The full text of the records below, minus any pictures, should be given back word for word.

*** Recorded data

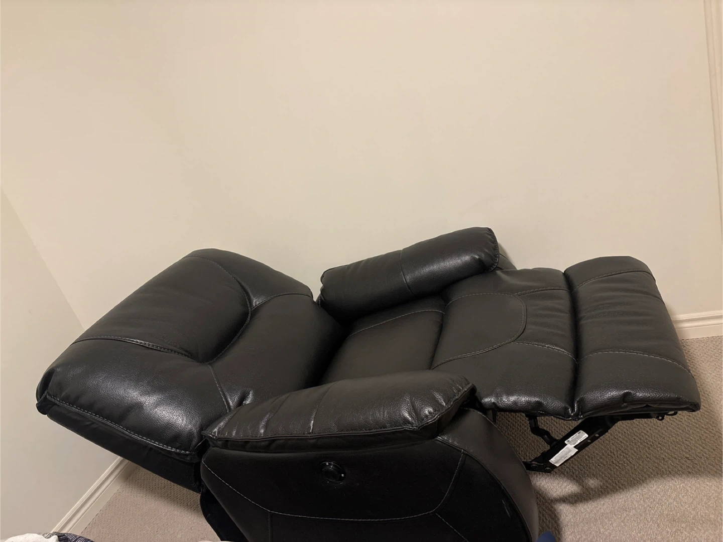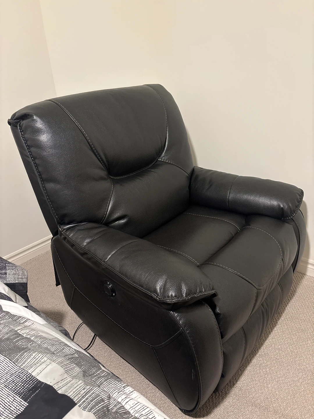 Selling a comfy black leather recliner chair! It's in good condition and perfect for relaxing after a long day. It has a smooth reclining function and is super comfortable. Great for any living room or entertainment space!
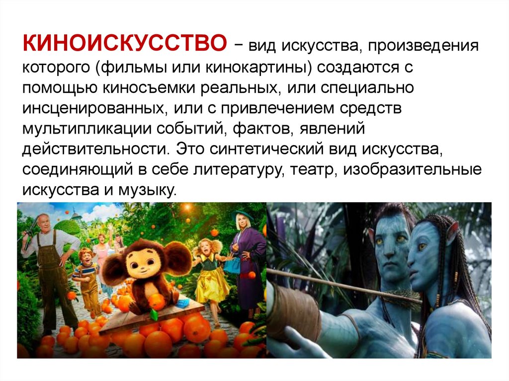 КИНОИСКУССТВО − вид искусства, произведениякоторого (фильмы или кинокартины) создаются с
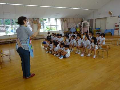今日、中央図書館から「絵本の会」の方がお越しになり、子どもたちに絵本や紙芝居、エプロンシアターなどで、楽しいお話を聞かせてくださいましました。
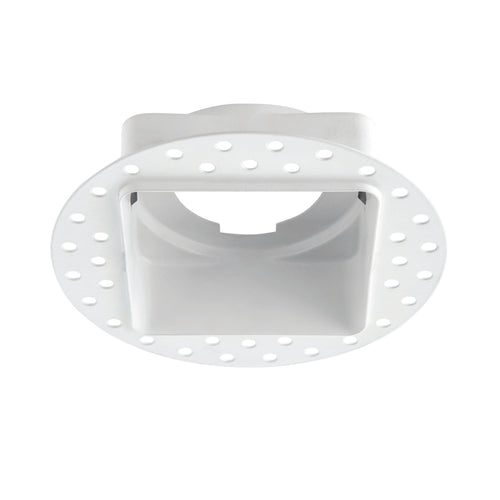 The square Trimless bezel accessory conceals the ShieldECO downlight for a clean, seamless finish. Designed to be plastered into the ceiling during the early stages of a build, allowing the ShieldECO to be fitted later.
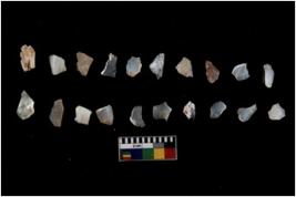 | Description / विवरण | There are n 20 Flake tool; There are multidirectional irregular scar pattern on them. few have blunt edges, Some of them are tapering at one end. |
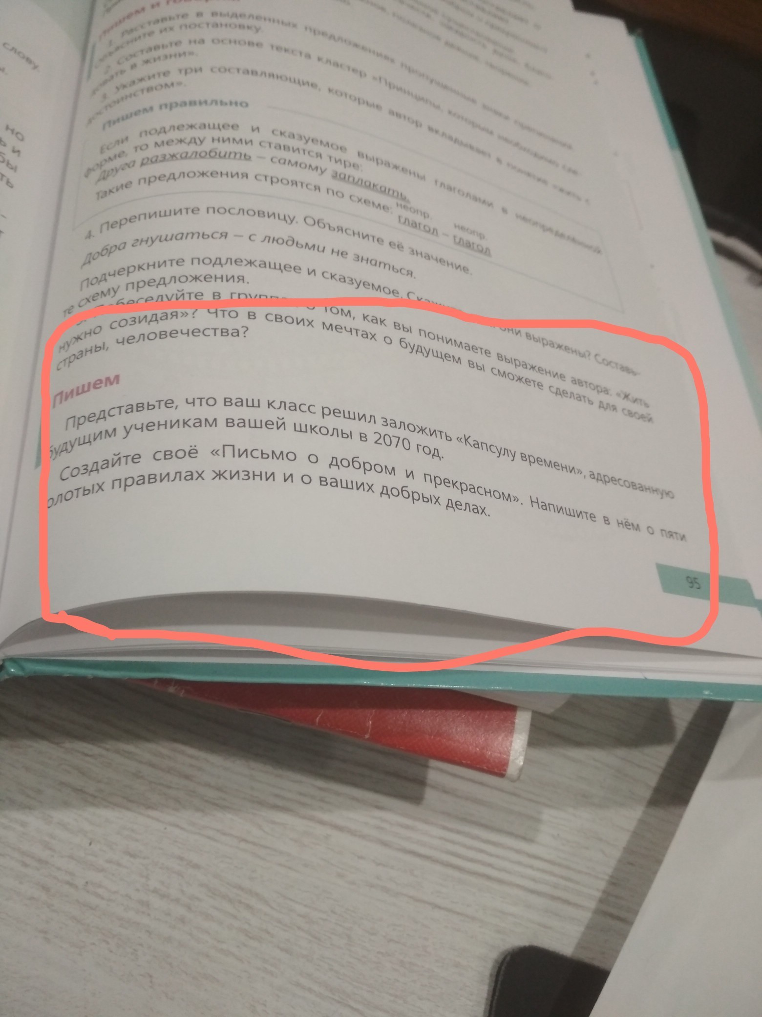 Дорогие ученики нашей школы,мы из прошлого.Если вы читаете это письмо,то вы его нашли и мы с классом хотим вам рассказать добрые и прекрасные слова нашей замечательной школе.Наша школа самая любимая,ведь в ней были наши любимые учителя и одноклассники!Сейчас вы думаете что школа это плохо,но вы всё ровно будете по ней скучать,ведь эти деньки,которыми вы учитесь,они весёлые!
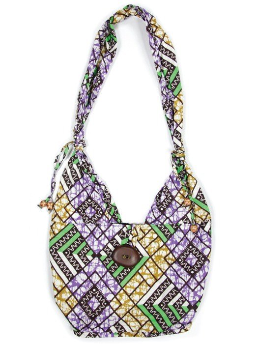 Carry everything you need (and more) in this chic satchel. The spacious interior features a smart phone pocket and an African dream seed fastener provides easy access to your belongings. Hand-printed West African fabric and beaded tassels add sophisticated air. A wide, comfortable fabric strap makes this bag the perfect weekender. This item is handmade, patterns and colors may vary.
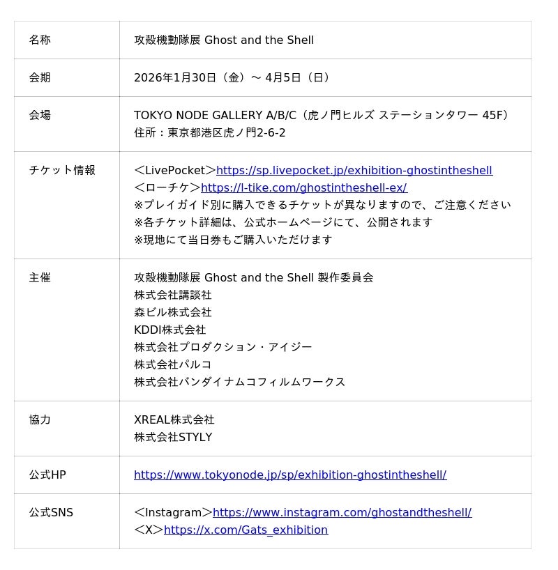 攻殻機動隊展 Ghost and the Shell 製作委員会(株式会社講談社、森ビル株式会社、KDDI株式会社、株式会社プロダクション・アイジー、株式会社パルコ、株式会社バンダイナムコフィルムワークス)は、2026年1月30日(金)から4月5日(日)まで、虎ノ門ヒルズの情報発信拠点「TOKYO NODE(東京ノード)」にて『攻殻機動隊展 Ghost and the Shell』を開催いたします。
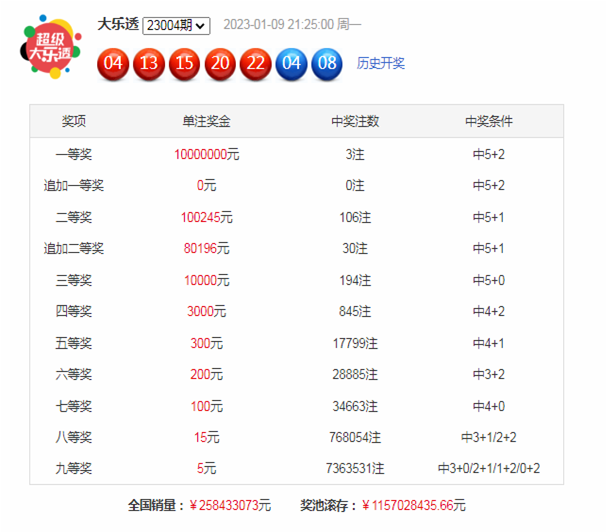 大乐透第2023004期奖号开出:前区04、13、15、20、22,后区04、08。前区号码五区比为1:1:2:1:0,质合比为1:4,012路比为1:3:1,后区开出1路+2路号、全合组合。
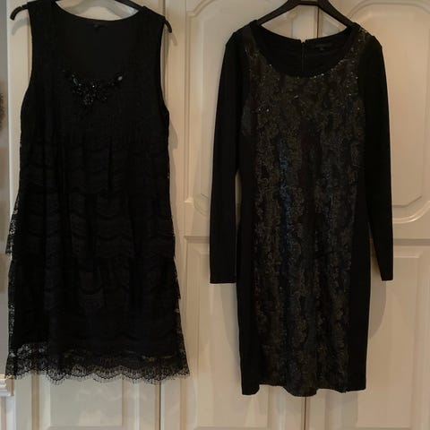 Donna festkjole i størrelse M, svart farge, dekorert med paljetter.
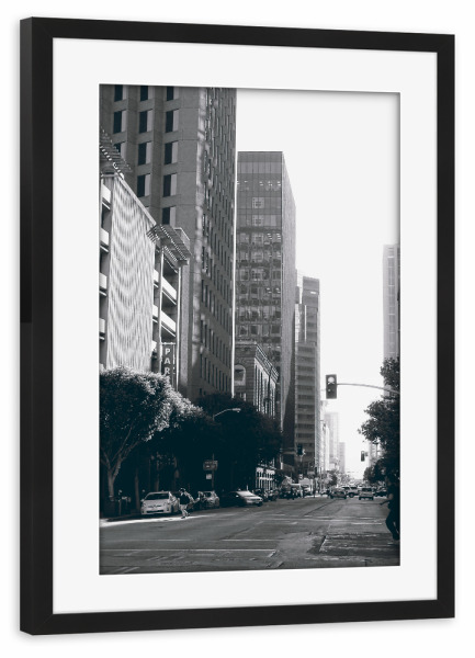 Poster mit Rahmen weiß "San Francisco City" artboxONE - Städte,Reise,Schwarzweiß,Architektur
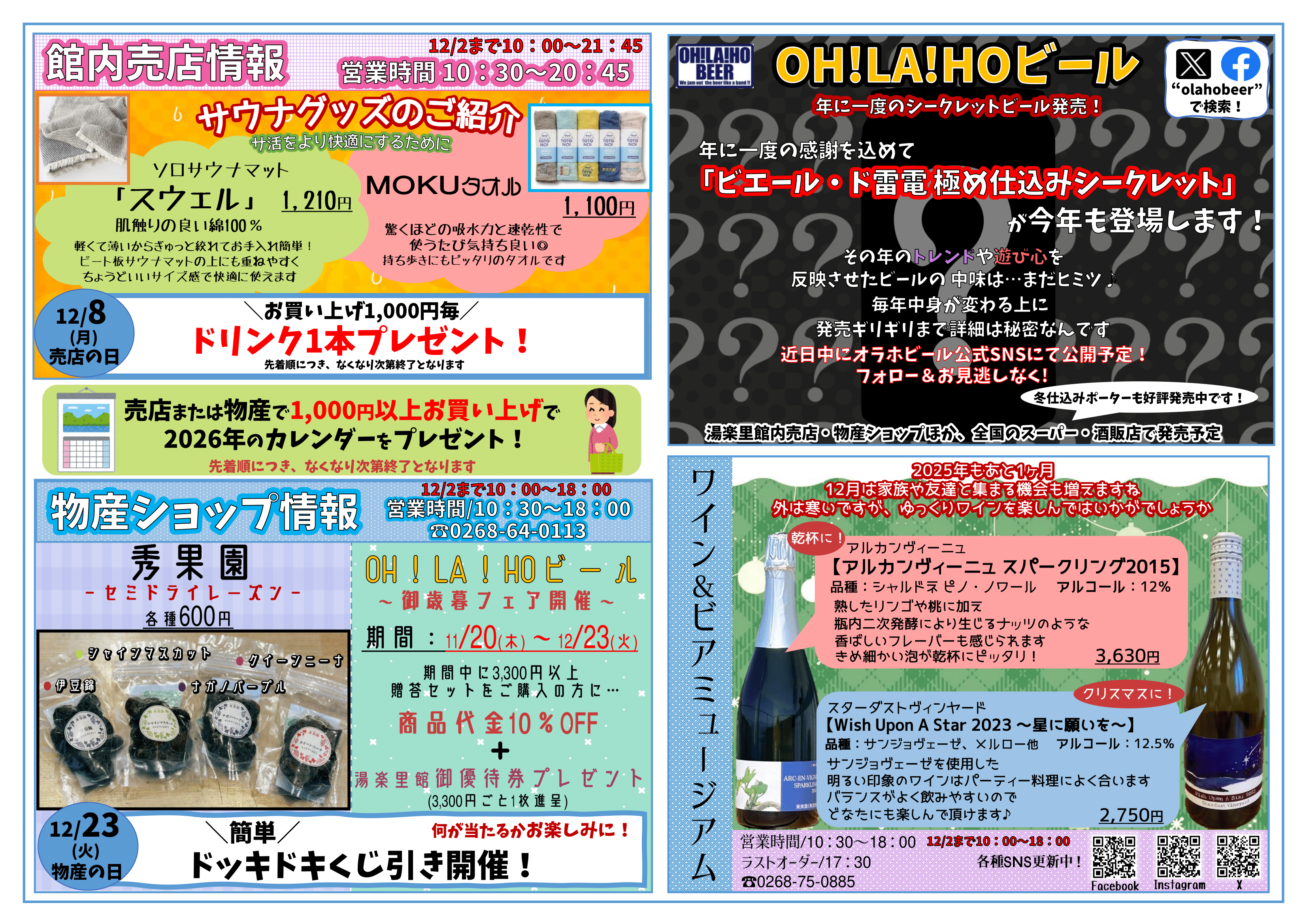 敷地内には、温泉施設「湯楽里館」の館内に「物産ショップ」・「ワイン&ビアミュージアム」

******

Written response:
 Selling a comfy black leather recliner chair! It's in good condition and perfect for relaxing after a long day. It has a smooth reclining function and is super comfortable. Great for any living room or entertainment space!
 КИНОИСКУССТВО − вид искусства, произведениякоторого (фильмы или кинокартины) создаются с
今日、中央図書館から「絵本の会」の方がお越しになり、子どもたちに絵本や紙芝居、エプロンシアターなどで、楽しいお話を聞かせてくださいましました。
 The square Trimless bezel accessory conceals the ShieldECO downlight for a clean, seamless finish. Designed to be plastered into the ceiling during the early stages of a build, allowing the ShieldECO to be fitted later.
 | Description / विवरण | There are n 20 Flake tool; There are multidirectional irregular scar pattern on them. few have blunt edges, Some of them are tapering at one end. |
 Дорогие ученики нашей школы,мы из прошлого.Если вы читаете это письмо,то вы его нашли и мы с классом хотим вам рассказать добрые и прекрасные слова нашей замечательной школе.Наша школа самая любимая,ведь в ней были наши любимые учителя и одноклассники!Сейчас вы думаете что школа это плохо,но вы всё ровно будете по ней скучать,ведь эти деньки,которыми вы учитесь,они весёлые!
 Carry everything you need (and more) in this chic satchel. The spacious interior features a smart phone pocket and an African dream seed fastener provides easy access to your belongings. Hand-printed West African fabric and beaded tassels add sophisticated air. A wide, comfortable fabric strap makes this bag the perfect weekender. This item is handmade, patterns and colors may vary.
 攻殻機動隊展 Ghost and the Shell 製作委員会(株式会社講談社、森ビル株式会社、KDDI株式会社、株式会社プロダクション・アイジー、株式会社パルコ、株式会社バンダイナムコフィルムワークス)は、2026年1月30日(金)から4月5日(日)まで、虎ノ門ヒルズの情報発信拠点「TOKYO NODE(東京ノード)」にて『攻殻機動隊展 Ghost and the Shell』を開催いたします。
 大乐透第2023004期奖号开出:前区04、13、15、20、22,后区04、08。前区号码五区比为1:1:2:1:0,质合比为1:4,012路比为1:3:1,后区开出1路+2路号、全合组合。
 Donna festkjole i størrelse M, svart farge, dekorert med paljetter.
 Poster mit Rahmen weiß "San Francisco City" artboxONE - Städte,Reise,Schwarzweiß,Architektur
 敷地内には、温泉施設「湯楽里館」の館内に「物産ショップ」・「ワイン&ビアミュージアム」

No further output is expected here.